18 November 2020
LRC admitted as amicus curiae in court bid to halt deportation of refugees
Johannesburg — The Legal Resources Centre, at the request of the Court, has been admitted as amicus curiae in the matter of Rana and Another v Minister of Home Affairs and Others, to be heard before the Gauteng High Court in Johannesburg tomorrow. The two applicants seek an order interdicting the Department of Home Affairs (DHA) from deporting them pending the final determination of their status in terms of the Refugees Act.

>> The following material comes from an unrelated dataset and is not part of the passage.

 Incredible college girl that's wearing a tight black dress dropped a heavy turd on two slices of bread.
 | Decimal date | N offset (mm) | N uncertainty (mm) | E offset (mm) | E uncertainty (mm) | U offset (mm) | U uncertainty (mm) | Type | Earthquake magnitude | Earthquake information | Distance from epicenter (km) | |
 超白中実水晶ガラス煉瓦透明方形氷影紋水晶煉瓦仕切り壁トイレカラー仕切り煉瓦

The applicants are currently in detention, and the DHA contends that because the applicants did not notify the authorities of their intention to apply for asylum within the stipulated timeframe in the Refugees Amendment Act, the applicants are excluded from submitting an application for asylum in South Africa. Section 4 of the Refugees
Amendment Act and Regulations 7 and 8 of the Act, which came into effect on 1 January 2020, excludes an asylum seeker from refugee status if the person failed to;
report her intention of applying for asylum upon entering the Republic and at a designated port of entry;
and report to the Refugee Reception Office within five days after entry into the Republic and produce a valid asylum transit permit or any other visa issued in terms of the Immigration Act.

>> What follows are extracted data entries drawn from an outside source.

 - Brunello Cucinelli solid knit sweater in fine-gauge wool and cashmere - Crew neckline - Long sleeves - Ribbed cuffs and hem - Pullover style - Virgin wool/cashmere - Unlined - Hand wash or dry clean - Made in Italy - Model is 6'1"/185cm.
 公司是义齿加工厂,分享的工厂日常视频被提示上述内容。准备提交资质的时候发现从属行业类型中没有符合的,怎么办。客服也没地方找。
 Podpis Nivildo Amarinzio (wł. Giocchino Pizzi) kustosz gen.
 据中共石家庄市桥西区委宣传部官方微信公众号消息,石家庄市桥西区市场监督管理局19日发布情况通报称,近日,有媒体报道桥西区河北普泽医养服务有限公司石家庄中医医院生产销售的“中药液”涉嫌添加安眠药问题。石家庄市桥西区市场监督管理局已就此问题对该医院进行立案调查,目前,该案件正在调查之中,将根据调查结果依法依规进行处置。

The DHA argues that the failure to comply with the new Refugees Act and amendments disqualifies an applicant for asylum from even making an application for asylum.
As a friend of the court, the LRC makes submissions based on South Africa’s international and domestic legal obligations and submits that the right to apply for asylum takes effect when the person enters the country. This right does not arise on the application for asylum by an asylum seeker, but immediately when they enter the country. The applicants entered the Republic before the Refugee Amendment Act and Regulations came into effect and their claim for asylum should be adjudicated under the old Refugees Act and Amendment. The LRC submits that even under the new refugee regime established by the Refugees Amendment Act, all persons, including the applicants, are entitled to apply for asylum and have the merits of their claim adjudicated by a Refugee Status Determination Officer.
The affirmation of the right to apply for asylum is of paramount importance, as an alternative interpretation can result in violating the principle of non-refoulment, and would be a serious breach of South Africa’s domestic and international legal obligations. Such an interpretation would be unconstitutional.